Mai 2005, Klangstation Bonn. HARMFUL finden sich unweit ihrer Geburtsstation Troisdorf zum Rocken ein. Bassist Chris nimmt sich vorher etwas Zeit für ein Gespräch („Halbe Stunde? Mann, ich muss noch das Merch aufbauen ...“)

Chris, eure neue Platte strahlt ja richtig. Waren dreizehn Jahre Verweigerung genug?

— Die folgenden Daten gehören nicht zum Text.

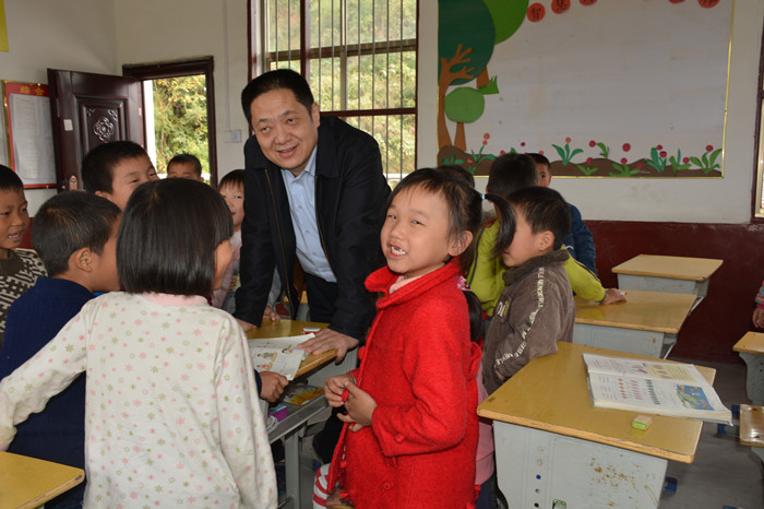 下午,肖湘愚校长还带领学生工作处处长何文、基础教育部主任欧立新一行赴白泥村小学进行了实地调研。肖湘愚校长走进每一间教室和活动室,认真查看教学情况和教学设施,与老师们座谈,与学生谈心聊天,深入了解学校和学生的所需所想,并就白泥村小学的师资队伍建设、教学器材设备、场地功能的科学布局、三下乡活动、顶岗实习、活动场地的修缮等做出安排部署,提出明确要求。
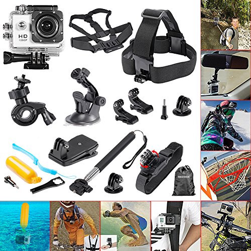 Neewer® 1080P H.264 Sports Camera with 1.5Inch LCD Display 12MP 170 Degree Wide Angle+ Full HD Lens Underwater 30m FPV Home Burglar Outdoor Sports Camera with Various Accessories + 12-In-1 Essential Kit for Gopro Hero 1 2 3 3+ 4: Selfie Monopod + Head Strap + Chest Strap + Rotating Wrist Mount + Car Suction Cup Mount + Floating Handle Grip + (2)Tripod Mount + (2)Surface J-Hook + 360 Rotary Clip Mount + Bicycle Handlebar + (2)Screw+ Wrench + Neewer Pouch

„Haha! Nee, nee. Das melodiöse Element, das jetzt so viele Leute anspricht, haben wir schon seit vielen Alben drin gehabt. Bloß sind wir auf dem letzten Album ‚Sanguine‘ wieder ein Stück zurückgegangen, wieder härter geworden ...“

... aber die Platte ist ja auch bei der Kritik ziemlich durchgefallen.

„Wenn man es im Kontext aller Alben sieht, war es nicht das Album, was es hätte sein können. ‚Sis Masis‘ wäre nach der ‚Wromantic‘ eher logisch gewesen. Aber da kamen auch andere Umstände dazu, Labelwechsel, etc.“

Wobei ihr den Noise-Stempel ja nicht loswerdet. Bei jedem Album ist es den Leuten aufs Neue aufgefallen: „Huch, die haben ja Melodien!“. So, als wäre es vorher immer Krach gewesen. Vielleicht hätten sie mal früher hören sollen?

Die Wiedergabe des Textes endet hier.